This formula is not difficult to understand. In fact, the above formula means that "under the condition of B occurrence, the probability of A occurrence is equal to the number of sample points of event A and event B * * greater than the number of sample points of the last B", which can verify that this conditional probability meets the three axiomatic definitions of probability.
1.3.2 multiplication formula:
1.3.3 Total probability formula:
Let it be a division of sample space, that is, it is mutually incompatible, if there are:
This formula is also easy to understand, because the samples are incompatible with each other, and their sum events are sample spaces, so the number of sample points in event A is equal to the sum of sample points in event A and * * *.
1.3.4 Bayesian formula:
Bayesian formula is derived on the basis of total probability formula and multiplication formula.
If it is a partition of the sample space, it is mutually incompatible, and if:
The proof of the formula is based on conditional probability, and then the numerator denominator can be replaced by multiplication formula and total probability formula respectively. In the formula, the known probability is called prior probability, while in the formula, it is called posterior probability. The total probability formula and multiplication formula derive the result from the cause, and Bayesian formula derives the cause from the result.
1.3.5 Event independence:
Above, we introduced the concept of conditional probability. Under condition A, the probability that condition B occurs is, if the occurrence of condition B is not affected by A? Intuitively, this will mean
So introduce the following definition, if any two events A and B are involved, then event A and event B are independent of each other.

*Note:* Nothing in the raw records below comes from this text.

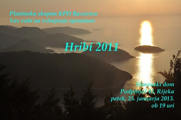 Hribi 2011 s KPD Bazovica z Reke | Vrsta dogodka | Srečanje | Območje | Tujina | Kdaj | 25. 1. 2013 ob 19. uri | Kje | v veliki dvorani Slovenskega doma KPD Bazovica na Reki, Podpinjol 43 | Organizator | Slovenski dom KPD Bazovica | Planinci PS KPD Bazovica vabijo vse, ki imajo radi naravo, in tudi tiste ki so se družili ali bi se želeli družiti s planinsko skupino Bazovice, na skupno potovanje po hribih ki smo jih obiskali v letu 2011.
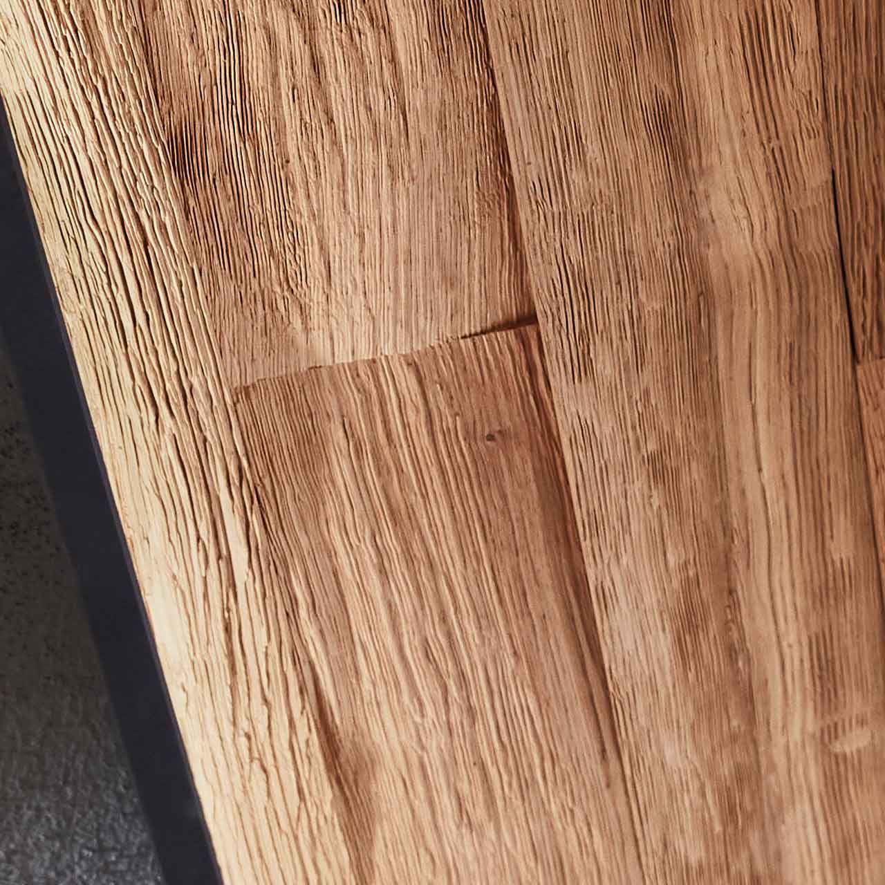 - Front: Spaltholzmassiv, serienmäßiger Akzent senkrechter Verlauf
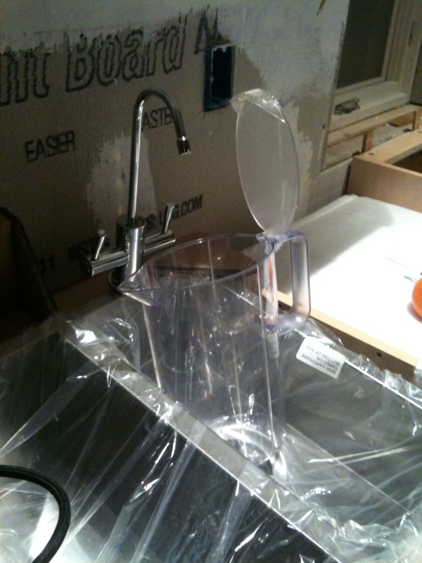 Our dual basin stainless sink, the techy pull out faucet and a temporary stand in for the instant hot/cold dispenser. Turns out the one we got (shown here) doesn’t work with our system- another one’s on it’s way. The new one looks completely different, is a little smaller and we ordered it in matte black instead of chrome to fade away into the dark counter instead of calling attention to it. The other intent is to complement the black accents on the main faucet.
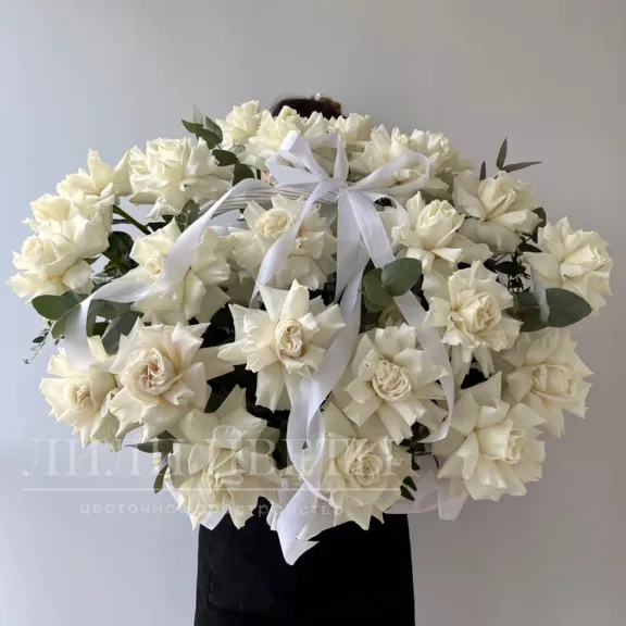 Белые розы и эвкалипт создают утонченное сочетание, добавляющее изысканности любому интерьеру.

In addition to the definition that two random events satisfy each other independently, there will of course be many definitions of independent satisfaction of random events. For n independent random events, any random event in the event is required to be independent of each other.
1.3.6 Bernoulli probability type:
Definition: If there are only two possible results in experiment E, and then the experiment is repeated for n times, the N-fold Bernoulli test or Bernoulli probability form is formed. Obviously, the results of each Bernoulli test event are independent of each other, so Bernoulli test obviously obeys binomial distribution, and then introduces binomial distribution.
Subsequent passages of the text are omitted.